(DATA LISTING):

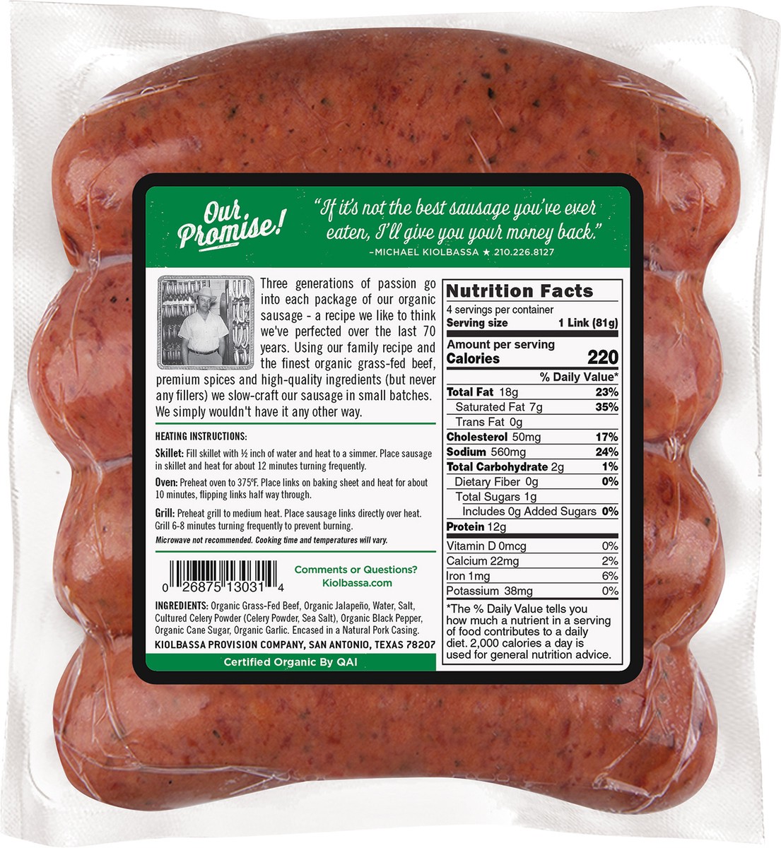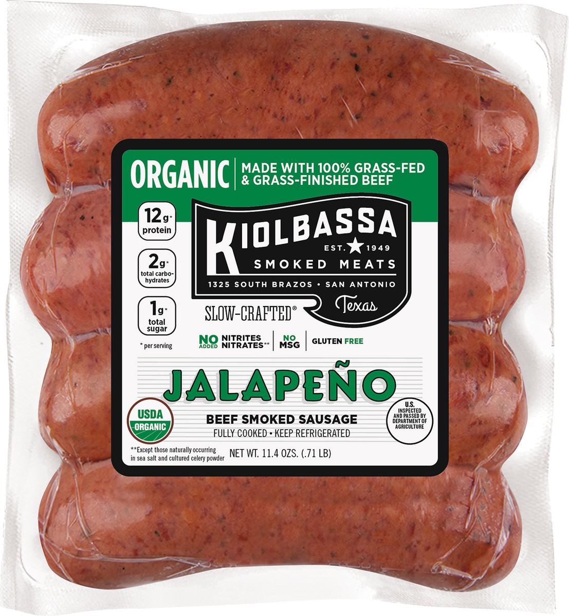 Kiolbassa Organic Jalapeño Beef Hickory Smoked Sausage
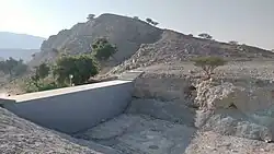 At the beginning of the lower course of the Wadi Nahela, at the point where the current channel of the wadi turns towards the northwest, a small dam was built in 1986, intended to feed underground water resources and reduce damage from possible floods, which receives the name of Wadi Nahela Breaker (Arabic: حاجز وادي نحيله).[18]
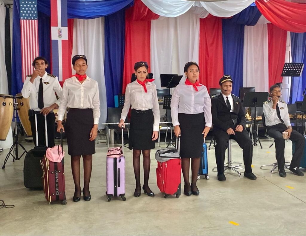 Santiago. – Estudiantes de la modalidad en Artes del Politécnico Rafael Solano, presentaron la gala de centro «Aerocultura», un viaje por la música, la pintura, el baile y distintos componentes relacionados a experiencias viajeras.
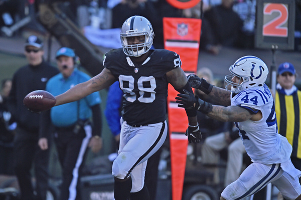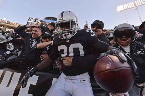 The Raiders intercepted Andrew Luck twice, including Reggie Nelson's pick in the end zone late in the second quarter. That allowed the Raiders to take a 19-7 lead going into halftime with a quick drive that culminated in a 4-yard touchdown catch by Richard that sent him leaping into the Black Hole.
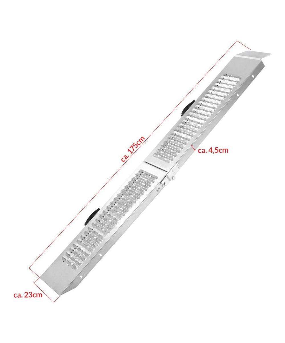La surface anti-dérapante et perforée maintient votre véhicule stable lorsque vous le chargez et déchargez. Avec une capacité de charge max. de 200 kg par rampe, elle peut également être utilisée pour les véhicules lourds.

(WORK TASK): With the images removed, reproduce all the material above word for word.

(RESULT OF THIS TASK):
 Kiolbassa Organic Jalapeño Beef Hickory Smoked Sausage
 At the beginning of the lower course of the Wadi Nahela, at the point where the current channel of the wadi turns towards the northwest, a small dam was built in 1986, intended to feed underground water resources and reduce damage from possible floods, which receives the name of Wadi Nahela Breaker (Arabic: حاجز وادي نحيله).[18]
 Santiago. – Estudiantes de la modalidad en Artes del Politécnico Rafael Solano, presentaron la gala de centro «Aerocultura», un viaje por la música, la pintura, el baile y distintos componentes relacionados a experiencias viajeras.
 The Raiders intercepted Andrew Luck twice, including Reggie Nelson's pick in the end zone late in the second quarter. That allowed the Raiders to take a 19-7 lead going into halftime with a quick drive that culminated in a 4-yard touchdown catch by Richard that sent him leaping into the Black Hole.
La surface anti-dérapante et perforée maintient votre véhicule stable lorsque vous le chargez et déchargez. Avec une capacité de charge max. de 200 kg par rampe, elle peut également être utilisée pour les véhicules lourds.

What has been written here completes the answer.